To study further the unexpected phenotype of ts9, which was almost completely inactive as an NTPase and RTPase when assayed in vitro, we wanted to purify nsP2 from infected cells. This was achieved by immunoprecipitation with specific polyclonal antibodies under nondenaturing conditions, as detailed in Materials and Methods. The postnuclear supernatant from cells infected with wild-type SFV and SFots9 at 28°C was first fractionated to obtain crude cytoplasmic membranes, sedimenting at 15,000 × g. This P15 fraction contains essentially all SFV-specific replication complexes as measured by polymerase activity (34). nsP2 was immunoprecipitated from the P15 fraction and used in the NTPase assay while still bound to Sepharose beads. Very little GTPase activity was detected from noninfected cells, in contrast to the material immunoprecipitated from cells infected with the wild-type virus (Fig. 6). To be sure that the immune serum does not inhibit the GTPase activity, we subjected the purified recombinant nsP2 protein to a similar immunoprecipitation. Compared with the unprecipitated starting material, virtually all of the GTPase activity was recovered in the precipitate. In samples derived from cells infected with SFots9 and kept at the permissive temperature, at which the virus replicates as well as the wild type, the activity was slightly above the background, representing ∼5% of the wild-type nsP2 activity (Fig. 6). SDS-PAGE analysis of the immunoprecipitates showed that roughly equal amounts of the wild-type and ts9 proteins were present in the reaction mixtures (not shown). Thus, the ts9 mutant nsP2 protein from infected cells also appears to be highly defective already at the permissive temperature.

Effects of nsP2 mutations on the processing of nonstructural polyprotein in vivo.

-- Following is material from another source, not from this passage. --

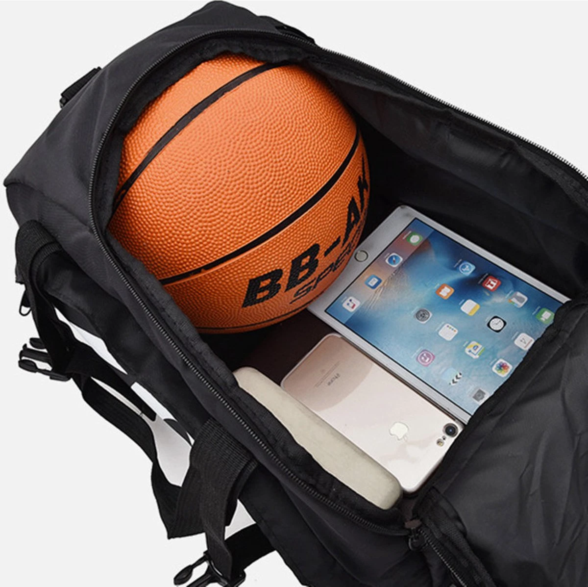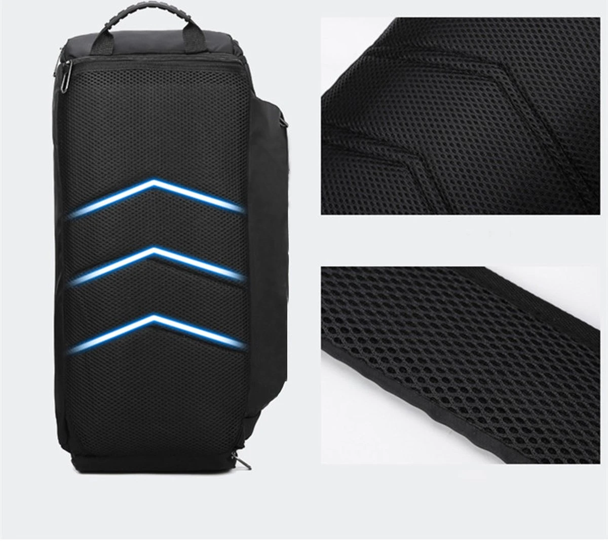 U kunt deze tas dragen als sporttas, maar ook als rugtas.

To study the processing of the nonstructural polyprotein, infection of BHK cells was continued at the permissive temperature of 28°C for 5 h, whereafter the cultures were shifted to the restrictive temperature of 39°C. The cells were labeled, after 30 min of equilibration at 39°C, with [³⁵S]methionine for 30 min, followed by chases of 30 and 120 min in the presence of excess unlabeled methionine. Cultures infected and labeled in the same way but maintained at 28°C served as controls. After cell collection, the denatured lysates were subjected to immunoprecipitation by monospecific antisera against the individual nsPs. To resolve nsP1and nsP3, which migrate together on SDS-PAGE, we used combinations of nsP1 plus nsP2 and nsP3 plus nsP4 antisera for the immunoprecipitation. After SDS-PAGE, the gels were exposed to phosphorimaging plates. Quantitative immunoprecipitation allowed the estimation of the molar ratios of all of the nsPs and their precursors. In cells infected with the wild-type virus, the largest precursors, P1234 and P123, were detectable with both antibody combinations after the 30-min pulse. The two smaller precursors, P12 and P34, and the four mature nsPs were identifiable by the two antibody combinations (Fig. 7). After 30- and 120-min chase periods, the precursors had almost disappeared and most of the radioactivity was in the mature proteins (Fig. 7, lanes 3 to 6). Notably, there was less nsP4 than the other three nsPs.

The situation was different with the nonstructural proteins in the mutant-virus-infected cells, where the processing of the precursor proteins was much slower at 39°C. To analyze the processing more closely, we quantified all of the bands from phosphorimaging data and calculated their relative intensities as percentages of the total intensity of all of the proteins (P1234, P123, P12, P34, and nsP1 to nsP4). The distributions of the precursor proteins are shown in Table 1. For the wild type, the results at both 39°C and 28°C are presented. After the 30-min pulse at 39°C, close to 60% of the radioactivity was in the precursor proteins, mostly in P12 and P34, while after a 2-h chase only traces of the precursors remained.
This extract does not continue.